Data for this task:
☆ ☆ ☆ ☆ ☆ ☆ ☆
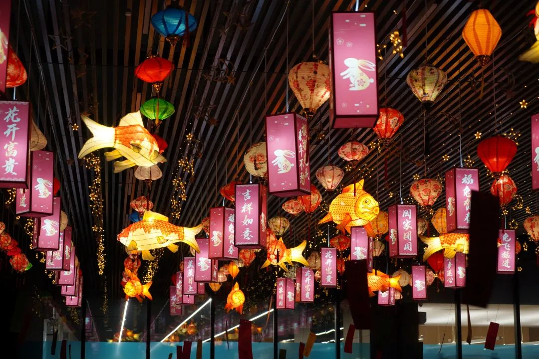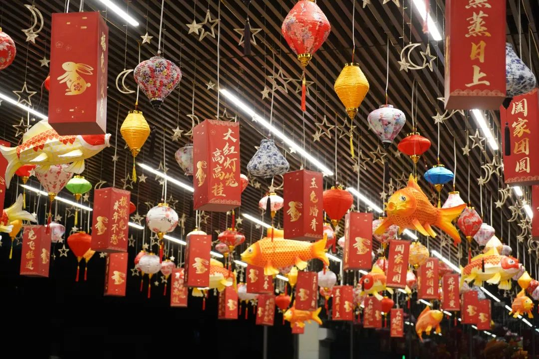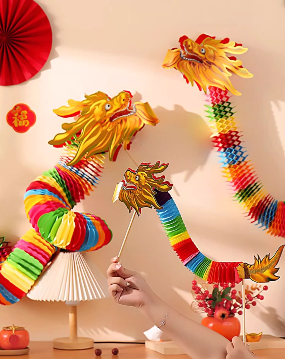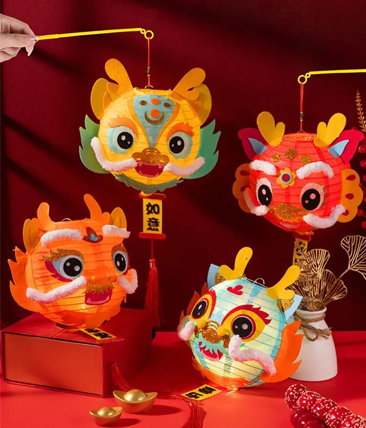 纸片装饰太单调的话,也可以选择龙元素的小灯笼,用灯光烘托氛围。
☆ ☆ ☆ ☆ ☆ ☆ ☆
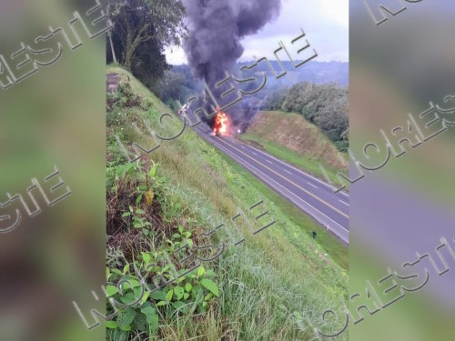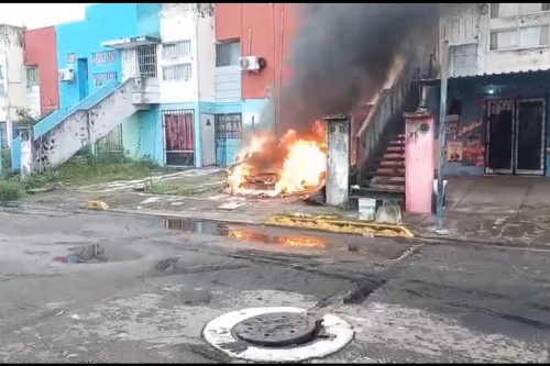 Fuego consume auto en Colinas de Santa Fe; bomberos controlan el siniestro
☆ ☆ ☆ ☆ ☆ ☆ ☆
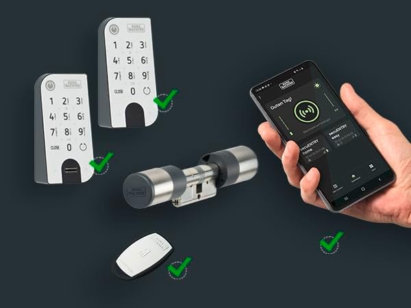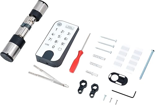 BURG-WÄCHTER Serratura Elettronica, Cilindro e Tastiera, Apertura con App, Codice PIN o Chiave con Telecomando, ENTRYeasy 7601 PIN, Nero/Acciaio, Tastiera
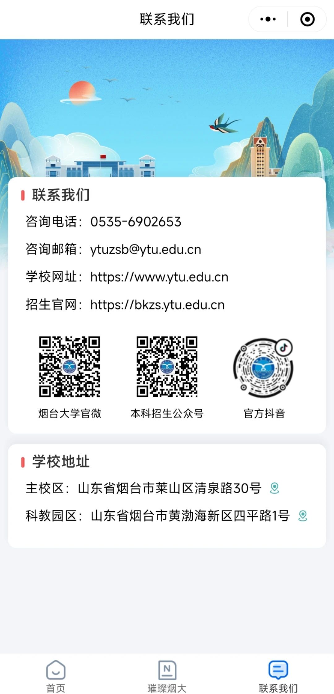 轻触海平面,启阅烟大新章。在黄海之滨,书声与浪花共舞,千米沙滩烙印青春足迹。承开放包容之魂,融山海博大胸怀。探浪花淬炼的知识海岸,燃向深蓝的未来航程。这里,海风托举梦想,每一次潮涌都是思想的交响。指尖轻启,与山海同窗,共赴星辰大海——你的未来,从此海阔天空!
☆ ☆ ☆ ☆ ☆ ☆ ☆
What is required: Out of the records above, return only the lines from the one with "BURG-WÄCHTER Serratura Elettronica, Cilindro" through the one with "轻触海平面,启阅烟大新章。在", exactly, and none of the pictures.

Response:
 BURG-WÄCHTER Serratura Elettronica, Cilindro e Tastiera, Apertura con App, Codice PIN o Chiave con Telecomando, ENTRYeasy 7601 PIN, Nero/Acciaio, Tastiera
 轻触海平面,启阅烟大新章。在黄海之滨,书声与浪花共舞,千米沙滩烙印青春足迹。承开放包容之魂,融山海博大胸怀。探浪花淬炼的知识海岸,燃向深蓝的未来航程。这里,海风托举梦想,每一次潮涌都是思想的交响。指尖轻启,与山海同窗,共赴星辰大海——你的未来,从此海阔天空!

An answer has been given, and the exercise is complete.